_INFORMATION SUPPLIED_.
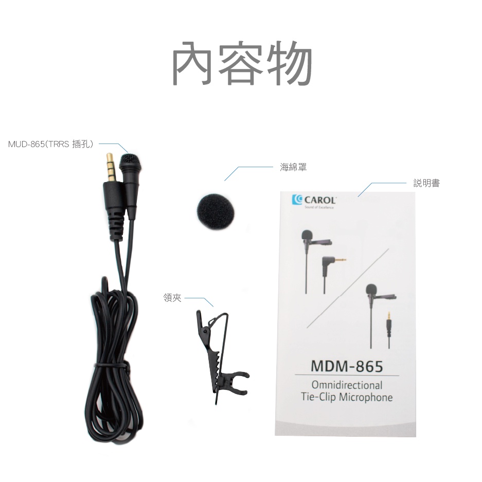 【CAROL】領夾式麥克風 MDM-865(TRRS版本)適用平板、手機、筆電(ALL-IN-ONE 輸入)【CAROL】領夾式麥克風 MDM-865(TRRS版本)適用平板、手機、筆電(ALL-IN-ONE 輸入)【CAROL 佳樂台灣官方旗艦店】 麥克風 | 直播 | 電聲科技
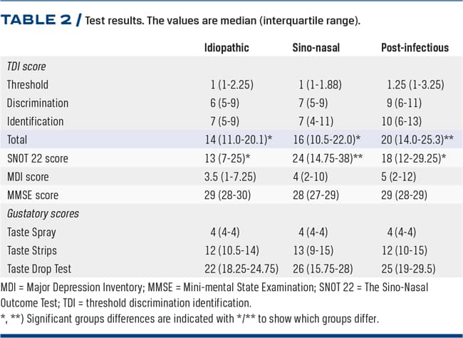 Self-reported anosmia was significantly more frequent among idiopathic OD patients than among patients with post-infectious smell loss (χ2 = 4.710, p = 0.0300), which is linked to the finding that patients with post-infectious smell loss had significantly better TDI scores (p < 0.0001, Kruskal-Wallis) than patients in both the idiopathic OD and the sino-nasal OD group (Table 2).
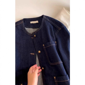 深蓝色复古圆领正肩牛仔外套女春季小众显瘦学生短款工装休闲上衣
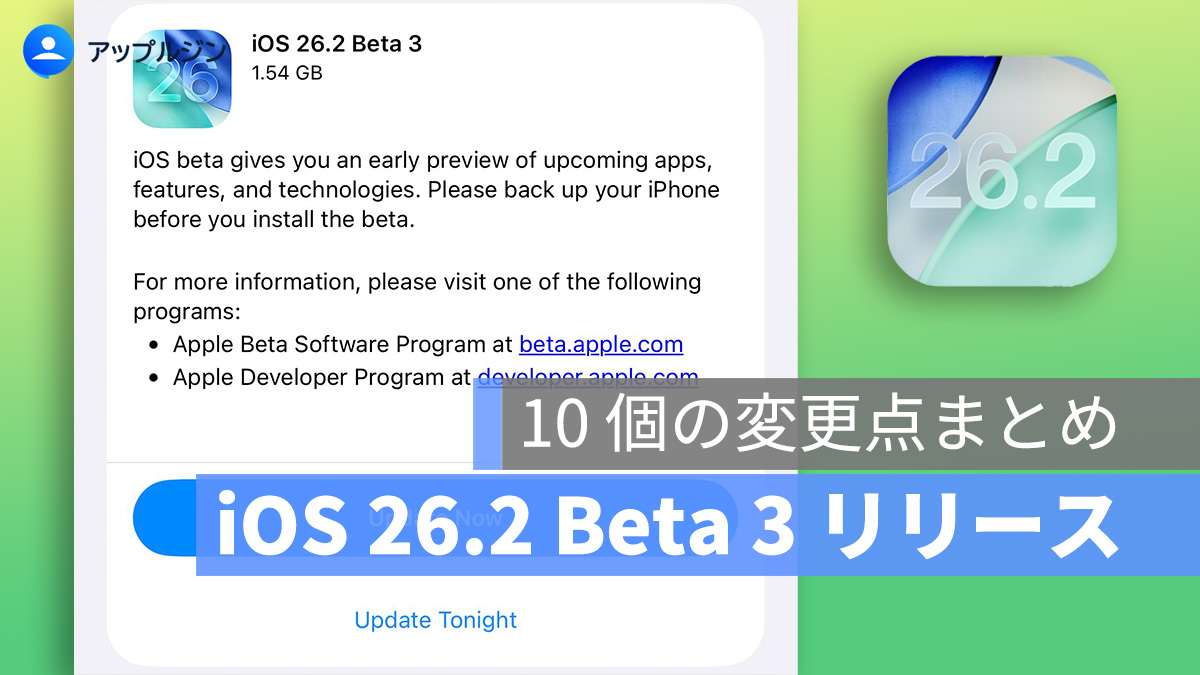 Apple は iOS 26.2 Beta 3 を公開しました。今回のアップデートでは、AirDrop、リマインダー、ゲームアプリなど、日常的によく使われる機能に多くの改良が加えられています。さらに、日本では Siri 以外の音声アシスタントを選択できる新機能もテスト中です。

_ACTIVITY_. Please copy the lines above exactly as written, apart from any pictures.

_RESPONSE FOR THIS EXERCISE_.
 【CAROL】領夾式麥克風 MDM-865(TRRS版本)適用平板、手機、筆電(ALL-IN-ONE 輸入)【CAROL】領夾式麥克風 MDM-865(TRRS版本)適用平板、手機、筆電(ALL-IN-ONE 輸入)【CAROL 佳樂台灣官方旗艦店】 麥克風 | 直播 | 電聲科技
 Self-reported anosmia was significantly more frequent among idiopathic OD patients than among patients with post-infectious smell loss (χ2 = 4.710, p = 0.0300), which is linked to the finding that patients with post-infectious smell loss had significantly better TDI scores (p < 0.0001, Kruskal-Wallis) than patients in both the idiopathic OD and the sino-nasal OD group (Table 2).
 深蓝色复古圆领正肩牛仔外套女春季小众显瘦学生短款工装休闲上衣
 Apple は iOS 26.2 Beta 3 を公開しました。今回のアップデートでは、AirDrop、リマインダー、ゲームアプリなど、日常的によく使われる機能に多くの改良が加えられています。さらに、日本では Siri 以外の音声アシスタントを選択できる新機能もテスト中です。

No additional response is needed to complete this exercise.